MS optic neuritis is a type of an inflammation of the optic nerve. Multiple Sclerosis optic neuritis affects the bundle of nerve fibers that work to transmit visual information to the brain from the eye. Common symptoms of this ailment are pain and temporary vision loss. Optic neuritis develops along with an autoimmune disorder that can sometimes be caused by an infection. Sometimes, the signs and symptoms of this ailment can be an indication of multiple sclerosis. MS itself is a condition that results in inflammation and damage to nerves in the brain and spinal cord.

The symptoms of Devic’s disease can be very similar to the symptoms of MS; however, this is a fairly rare disease. Devic’s requires a completely different treatment than that used for MS, due to being caused by the immune system triggering a specific protein within the body. The protein in question can be found in the cells of the nervous system. This protein is called aquaporin. Aquaporin is responsible for helping the conduction of water through the cell’s membrane.

Sometimes, people who are being exposed to antituberculosis or clioquinol drugs can also be afflicted by Devic’s disease. Researchers have found that being treated for neuromyelitis optica can also relieve many different symptoms that arise with Devic’s Syndrome.

 

Treatment for Patients with Devic’s

 

Blindness is a common symptom of Devic’s since the nerves in the eyes are damaged. Additional symptoms can happen when the spinal cord becomes inflamed such as limb weakness, paralysis in the arms or legs, muscle spasms, loss of bowel or bladder control, and a lack of sensation anywhere in the body. There are a lot of different medications that can treat these symptoms. Methylprednisolone and immunoglobulin can be used as treatments and are usually administered intravenously. Along with this corticosteroids may also be prescribed.

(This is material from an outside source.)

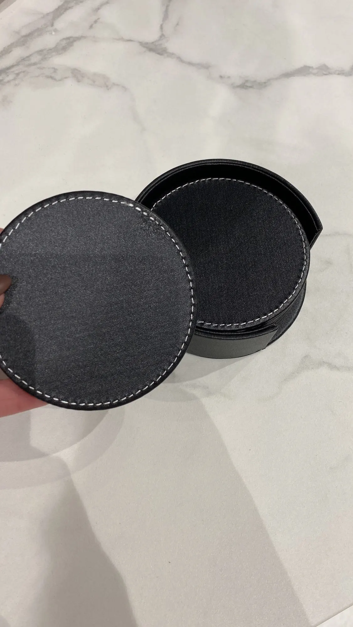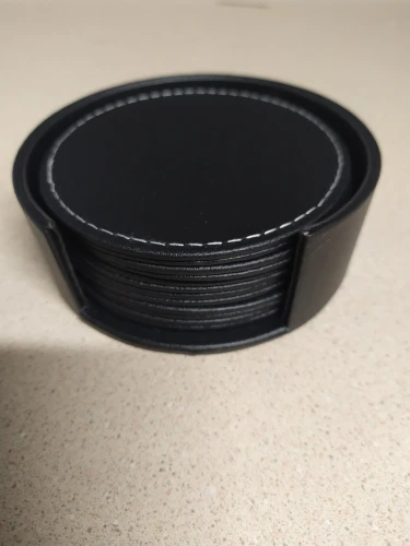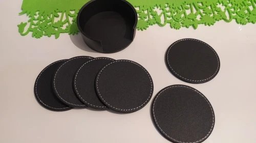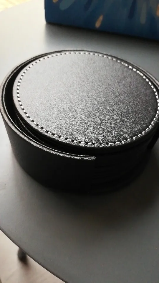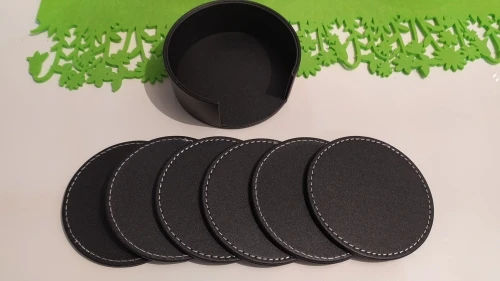 Juego de 6 posavasos para bebidas de cuero, posavasos redondos para el hogar y uso de la cocina en negro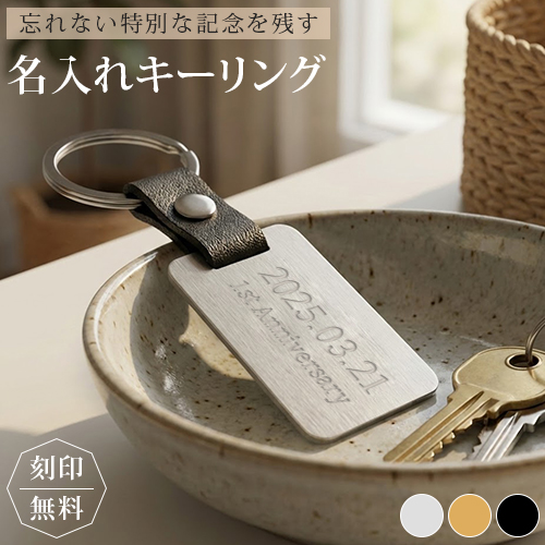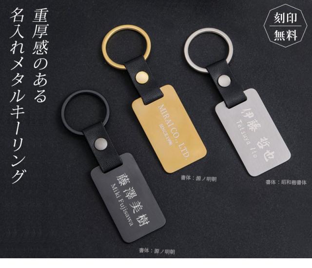 名入れ ネームタグ ネームプレート メタル PUレザーコンビ キーリング 刻印無料 オーダーメイド キーホルダー 高級感 バッグチャーム ギフト ステンレス ブラック シルバー ゴールド

Medications do work in a different manner for each individual, so there are no guarantees when it comes to the outcome. However, most patients see an improvement in MS optic neuritis within a few weeks once the administration of drugs begins. Among these improvements, it is possible to see a partial recovery and a very much lessened signs of disability. The first treatment usually administered is an intravenous dose of glucocorticoids. If the Multiple Sclerosis optic neuritis doesn’t subside, additional treatments are given. Patients can be given cyclophosphamide or plasmapheresism. The latter treatment works by drawing blood, removing the plasma and treating it, and then putting the plasma and the blood back into the body.